INFORMATION PROVIDED section start

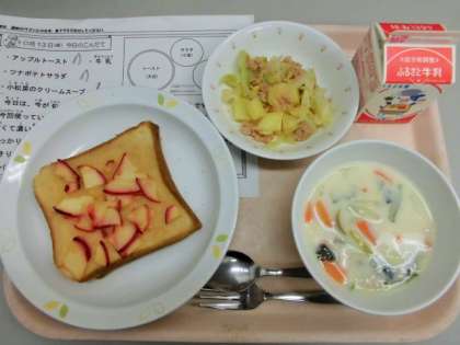 今日は、アップルトースト、牛乳、ツナポテトサラダ、小松菜のクリームスープです。
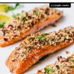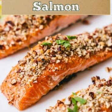 This pecan crusted salmon is fast and easy, with a deliciously crunchy topping! Make it to impress on weeknights or for dinner guests.
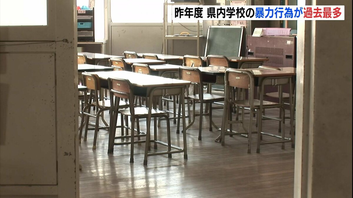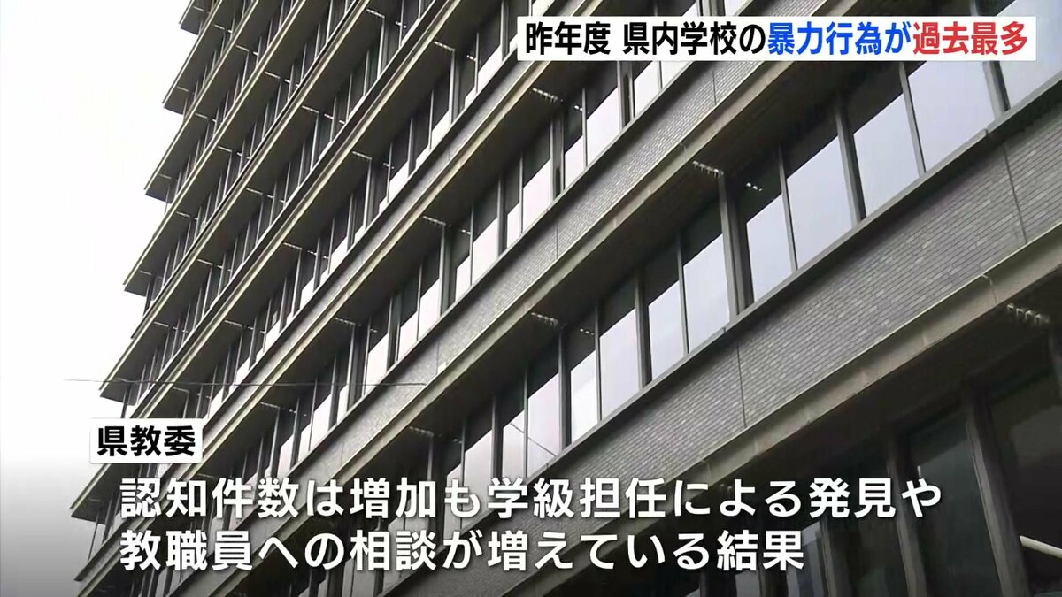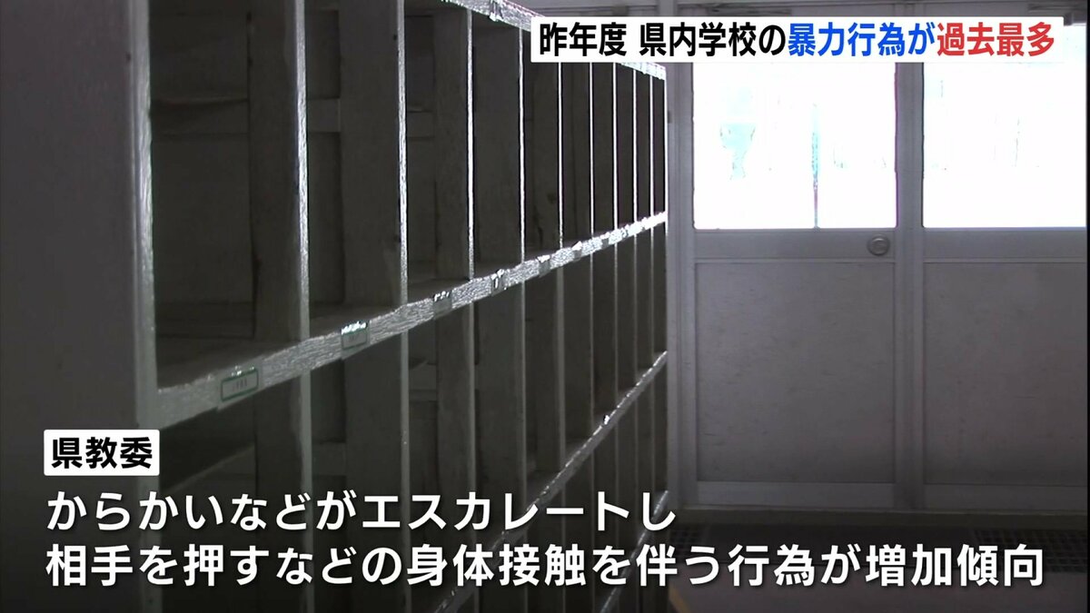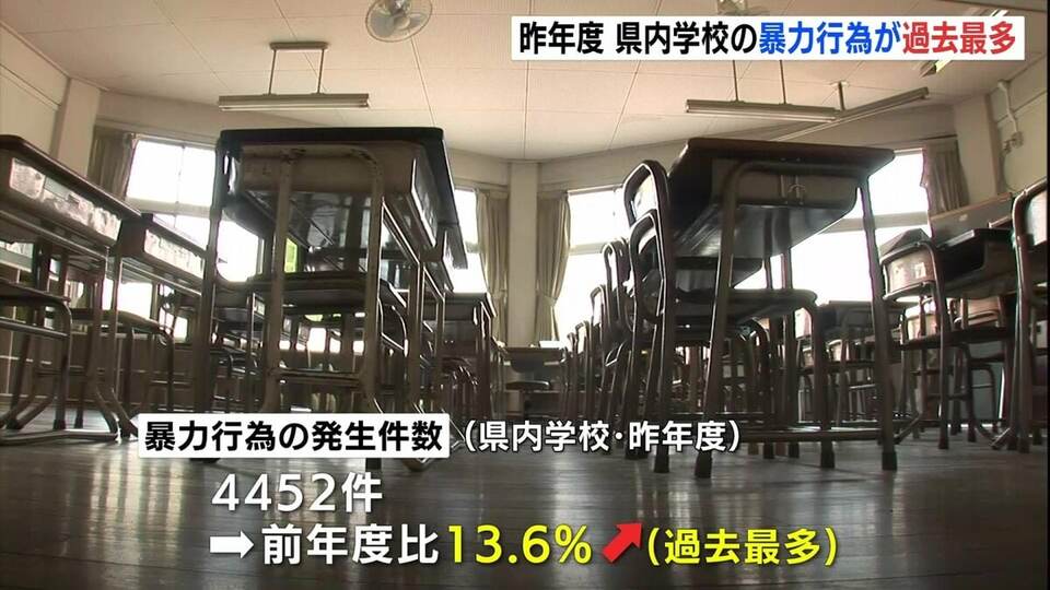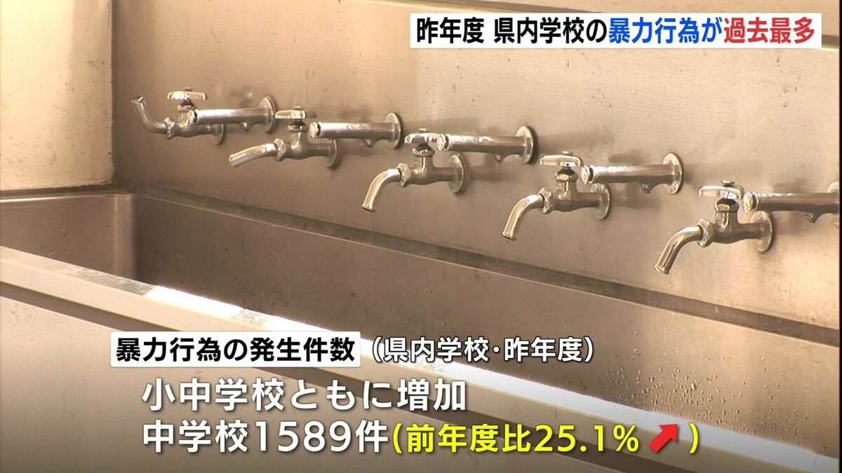 これは、文部科学省が実施した調査で明らかになりました。それによりますと、2024年度、県内の小中学校・高校の暴力行為の発生件数は4452件で、前の年度に比べ13・6%増加し、過去最多になりました。暴力行為は小中学校ともに増加していて、特に中学校で1589件、前年度比25・1%の増加となっています。県教委によりますと、からかいなどがエスカレートして、相手を押すなどの身体接触を伴う行為が増加傾向にあるということです。
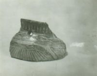 為近口沿部分的殘片,上部分繪有粗豎條的黑色彩繪,下部分為細(xì)豎條的紅色彩繪,底為白色陶衣光亮細(xì)潔,胎色灰黑,胎質(zhì)較一般陶器堅(jiān)硬.
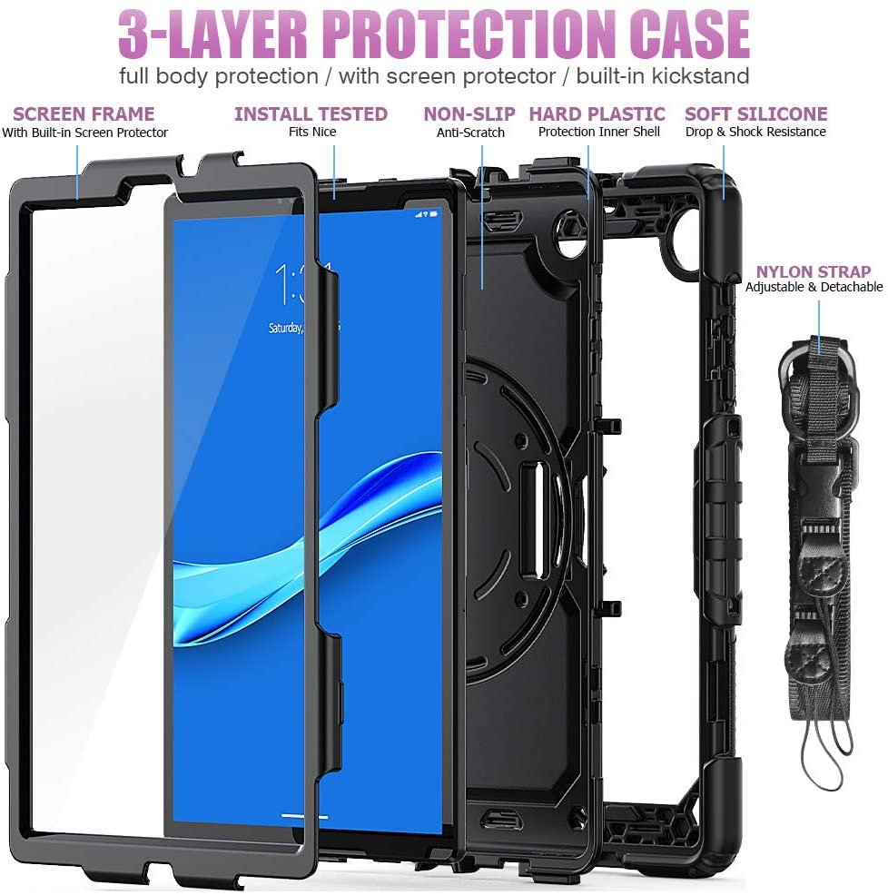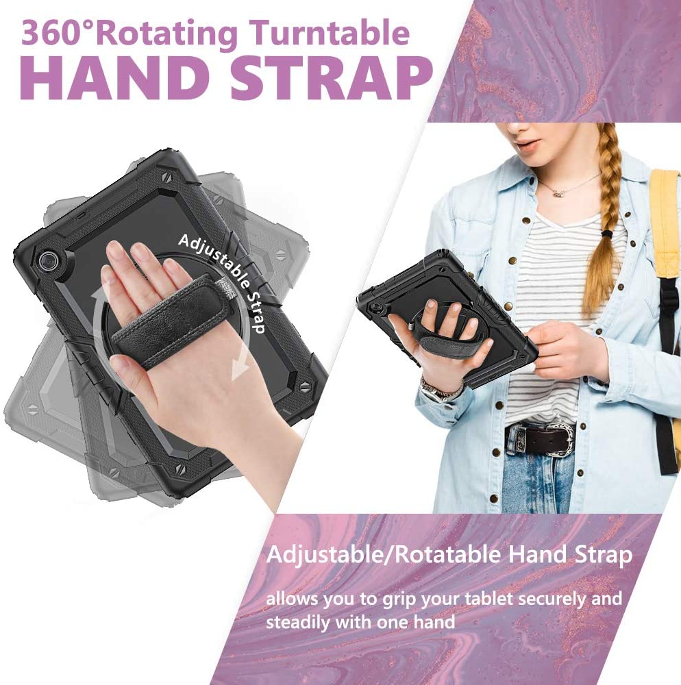 • El soporte giratorio de 360 grados ofrece una posición óptima para escribir o ver; el mango trasero ergonómico y cómodo te permite agarrar tu tableta de forma segura y constante con una mano, sin preocupaciones de que se caiga
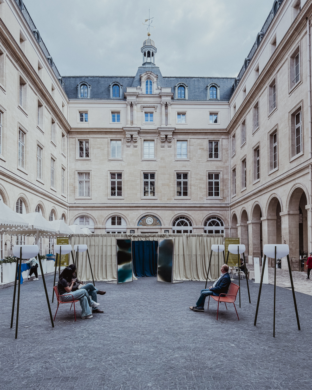 On the terrace of the seventeenth century Hôtel de Sully, designer Lucas Huillet and perfumer Alexandre Helwani presented “Folie,” an installation about mental health. Visitors were invited to recline on a sofa, look up at bright fabric forms, and breathe perfumes created with Amandine Clerc-Marie, lead perfumer at DSM-Firmenich, the world’s largest privately held fragrance company. The setup followed a familiar design week formula: a handful of simple, colorful objects set against a historic courtyard. When I visited, the promise and the reality did not match; the platform read unfinished and the sofa felt casually assembled rather than crafted which undercut the idea of comfort and care. In a city full of exceptional furniture, it looked out of step. Scent was meant to be central, but it was missing that day.
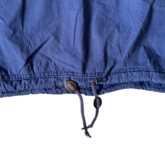 Size fits boxy mens large, measures 23.25” pit to pit x 26” neck to hem x 25.25” shoulder to cuff.
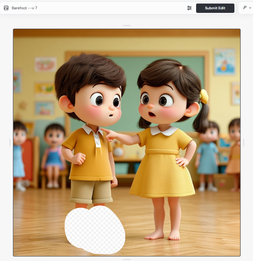 저번에 만든 동화책 삽화를 작업하면서도 제일 애먹었던 부분이었어요. 나는 이 이미지가 좋은데 맨발이 안 나온다ㅠㅠ. 하면서 처음엔 둘 다 맨발이 나올 때까지 이미지 생성을 하다가 결국 Edit으로 제가 고쳐주었답니다. 이 팁은 제일 마지막 5번에서 정리해 드릴게요.
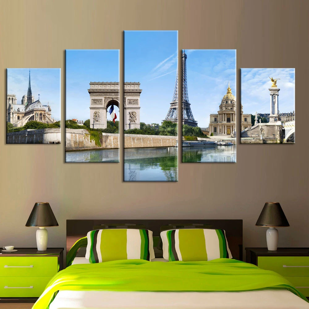Modname = ckeditorМодульные фотографии HD Печать городской здания Холст Картина Пейзаж 5 шт. креативный домашний декор настенная художественная рамка художественное оформление постер
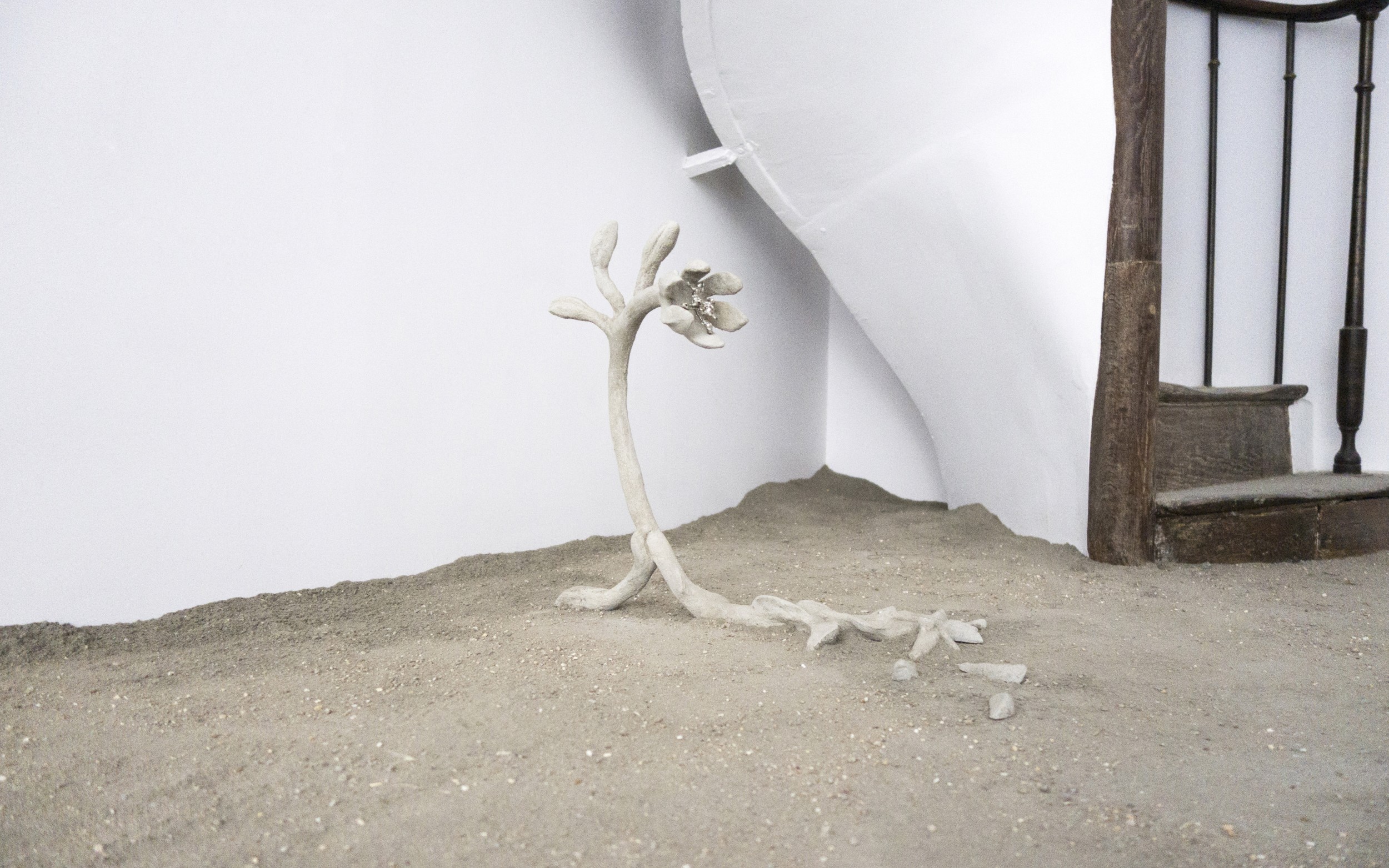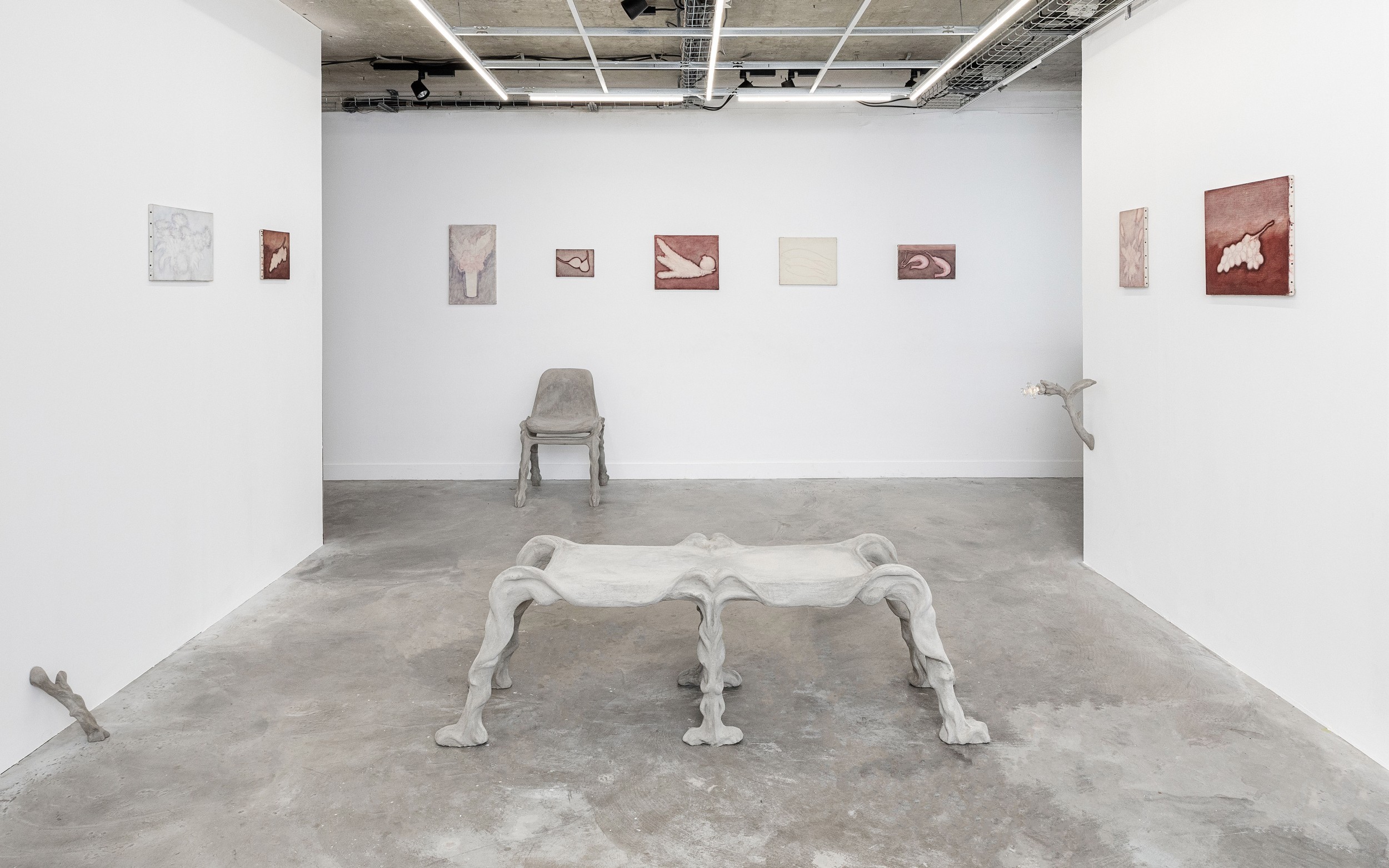 The Xolo Cuintle duo create petrified, deserted scenes using concrete as a geological component emblematic of the challenges of our contemporary era. This favourite material, seemingly unchanging and inert, is sculpted like fertile soil in which hybrid organisms flourish. Using ornamentation as a temporal marker, each of their sculptures becomes part of a shared history, blurring the linear concept of time. Speculative in nature, blending contemporary news and ancient mythologies, their narratives explore a history of soils and the life forms that make them up.
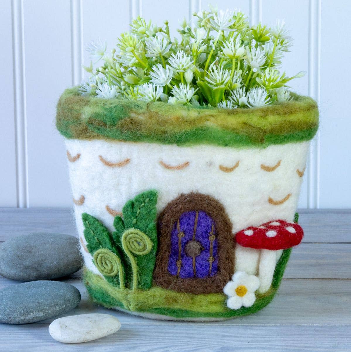 This playful woolen pot can hold all kinds of things, including potted plants up to 5.5"dia. Excess water will wick through the natural woolen fibers, so place a dish inside or outside just in case. Natural wool will naturally dry out. Use as a gift basket for special occasions, or as a container for all sorts of household items. Made in a fair trade certified production center in Nepal.
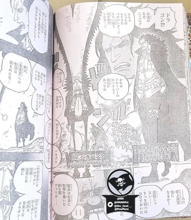 在最新一话中,年轻的多拉格登场了,他当时是33岁,贝加庞克是43岁。两人的年纪差距10年,贝加庞克头上顶着一个巨大的东西,长相很奇葩。33岁的多拉格就是帅气,头发很长,一身黑色的披风,脸上还没有拖鞋印。这时候路飞还没有出生,这是22年前,路飞是在三年后出生的。
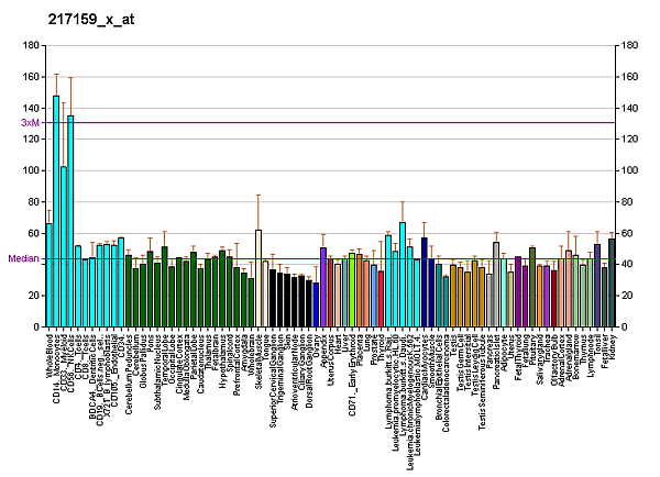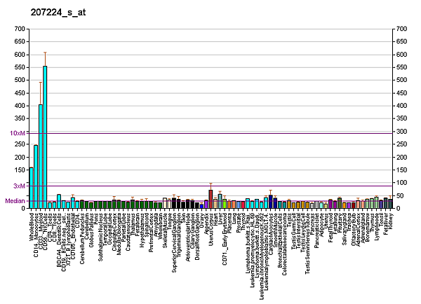 Преимущественно экспрессирован на покоящихся и активированных естественных киллерах и в меньшей степерни на моноцитах и гранулоцитах. Особенно высокая экспрессия обнаружена на клетках плаценте, печени, лёгких, селезёнки и лейкоцитах периферической крови.
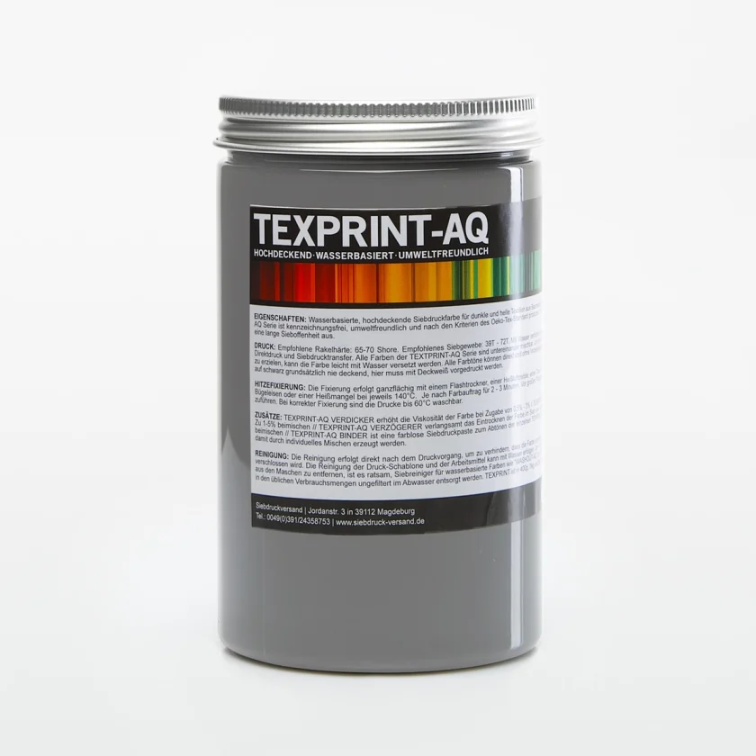 TEXPRINT-AQ is an opaque premium screen printing ink for dark, medium and light fabrics made from cotton, polyester, synthetics and blended fabrics. The paint is water-based, environmentally friendly and manufactured according to the criteria of the Oeko-Tex-100 standard. The ink is single component and ready to print. It impresses with high-quality print results and very good resistance to washing. Suitable for T-shirts, bags, hoodies, shorts, etc.
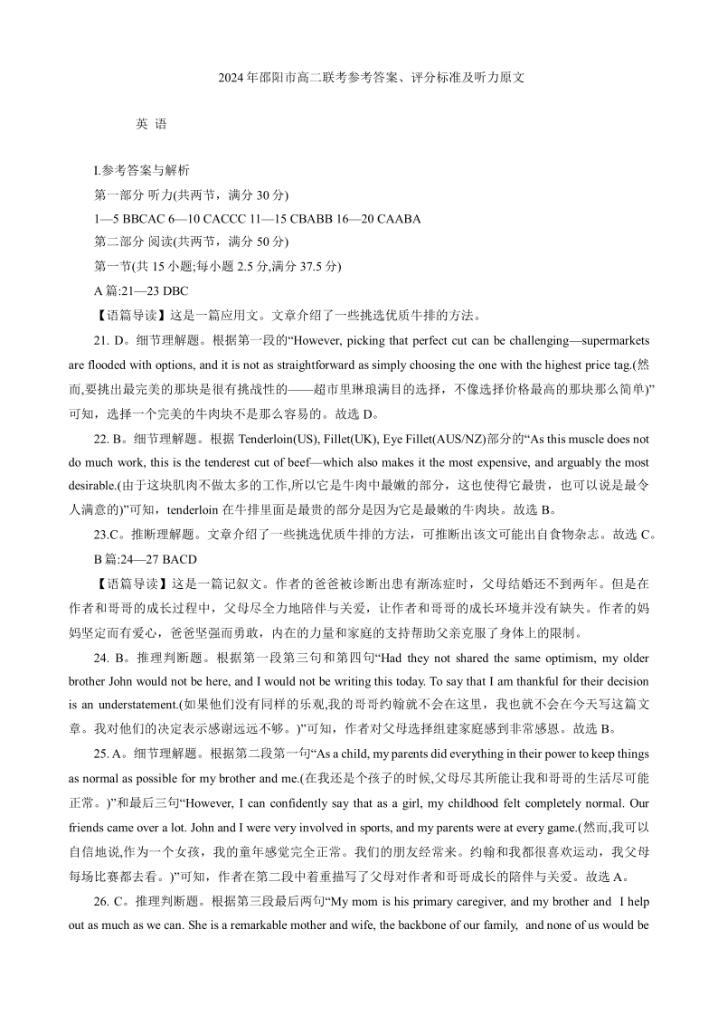 湖南省邵阳市高2025届下学期7月期末联考英语答案

INFORMATION PROVIDED section end

• [BRIEF]: Starting at the line above with "저번에 만든 동화책 삽화를", output every line exactly up to and including the line with "The Xolo Cuintle", but none of the pictures.

• [YOUR SOLUTION]:
 저번에 만든 동화책 삽화를 작업하면서도 제일 애먹었던 부분이었어요. 나는 이 이미지가 좋은데 맨발이 안 나온다ㅠㅠ. 하면서 처음엔 둘 다 맨발이 나올 때까지 이미지 생성을 하다가 결국 Edit으로 제가 고쳐주었답니다. 이 팁은 제일 마지막 5번에서 정리해 드릴게요.
Modname = ckeditorМодульные фотографии HD Печать городской здания Холст Картина Пейзаж 5 шт. креативный домашний декор настенная художественная рамка художественное оформление постер
 The Xolo Cuintle duo create petrified, deserted scenes using concrete as a geological component emblematic of the challenges of our contemporary era. This favourite material, seemingly unchanging and inert, is sculpted like fertile soil in which hybrid organisms flourish. Using ornamentation as a temporal marker, each of their sculptures becomes part of a shared history, blurring the linear concept of time. Speculative in nature, blending contemporary news and ancient mythologies, their narratives explore a history of soils and the life forms that make them up.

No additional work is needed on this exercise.